Shimizu M, Miura J, Itoh H, Saitoh Y
First Department of Surgery, Kobe University School of Medicine, Japan.
Am J Gastroenterol. 1990 Oct;85(10):1411-3.
We describe a case of hepatic giant cavernous hemangioma with both microangiopathic hemolytic anemia (MAHA) and consumption coagulopathy, but without thrombocytopenia, which was completely cured by surgical resection of the tumor.
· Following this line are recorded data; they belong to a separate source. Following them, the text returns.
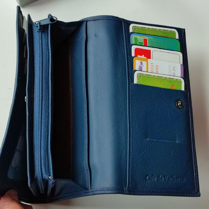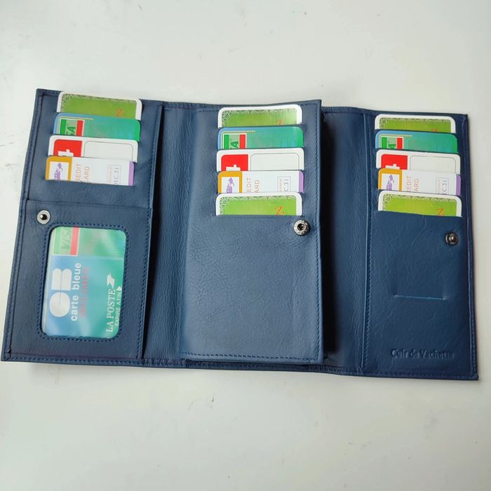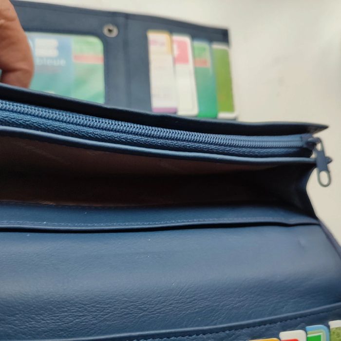 Portefeuille neuf en cuir bleu marine, Éléphant d'or - photo numéro 9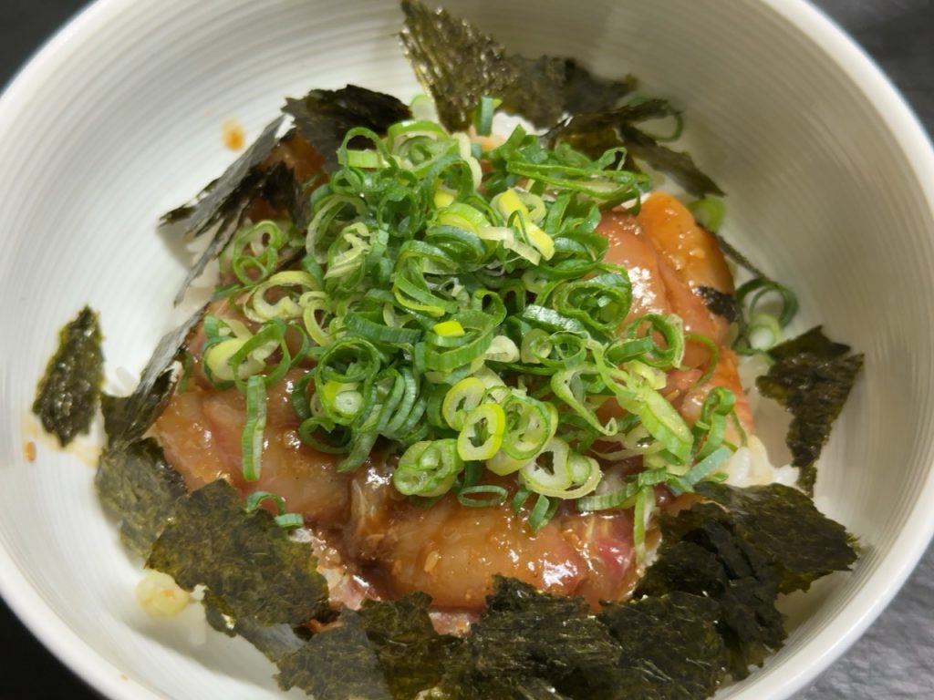 軽く漬け込んでご飯にのせたらイサキのゴマだれ丼です。歯応えコリコリの美味しいどんぶり完成。
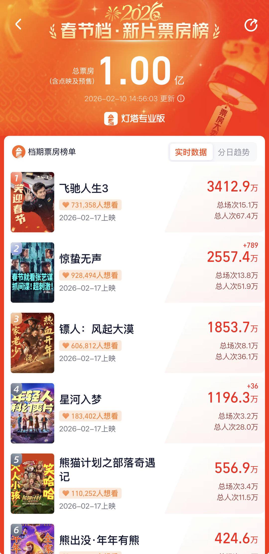 截至2月10日下午,2026春节档新片预售总票房已突破1亿元,用时29小时。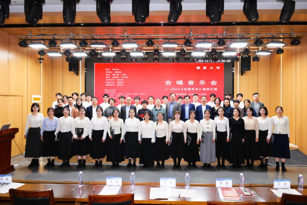 11月14日下午,康復大學首屆大學生合唱音樂會暨“合唱藝術”課程匯報演出在學部樓106報告廳上演。校領導姜宏、劉奇跡、侯典峰、安琨出席音樂會,與在校師生共同觀看了本場演出。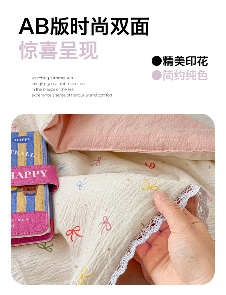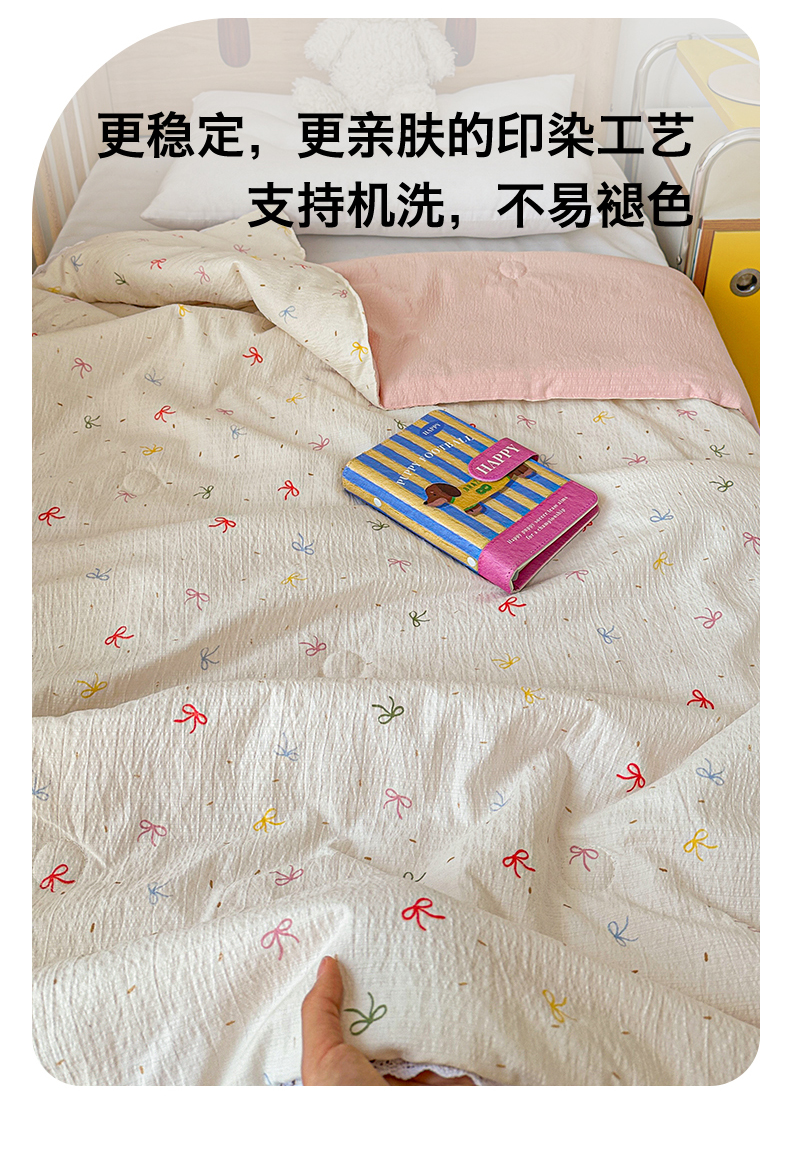 商品名称:名兮家居 2026新款儿童A类皱皱纱夏被夏凉被空调被 彩色蝴蝶结

The patient was a 54-yr-old Japanese woman whose chief complaint was right upper abdominal discomfort. Angiography and dynamic computed tomography revealed typical findings of hepatic cavernous hemangioma. The patient also had hematological disorders. At surgery, we performed an atypical right lobectomy to preserve as much normal liver tissue as possible. The patient has been well, with no related complaints or abnormal laboratory findings, 5 yr since her operation. This case indicates that giant cavernous hemangioma of the liver should be considered in the differential diagnosis of MAHA, and if surgical treatment is adequate, hematological abnormalities may be eliminated.
我们描述了一例患有微血管病性溶血性贫血(MAHA)和消耗性凝血病但无血小板减少症的肝脏巨大海绵状血管瘤病例,该病例通过肿瘤手术切除得以完全治愈。患者为一名54岁的日本女性,主要诉求是右上腹不适。血管造影和动态计算机断层扫描显示出肝海绵状血管瘤的典型表现。患者还患有血液系统疾病。手术时,我们进行了非典型右叶切除术以尽可能保留更多正常肝组织。自手术以来5年,患者情况良好,无相关主诉或实验室检查异常。该病例表明,在MAHA的鉴别诊断中应考虑肝脏巨大海绵状血管瘤,并且如果手术治疗得当,血液学异常可能会消除。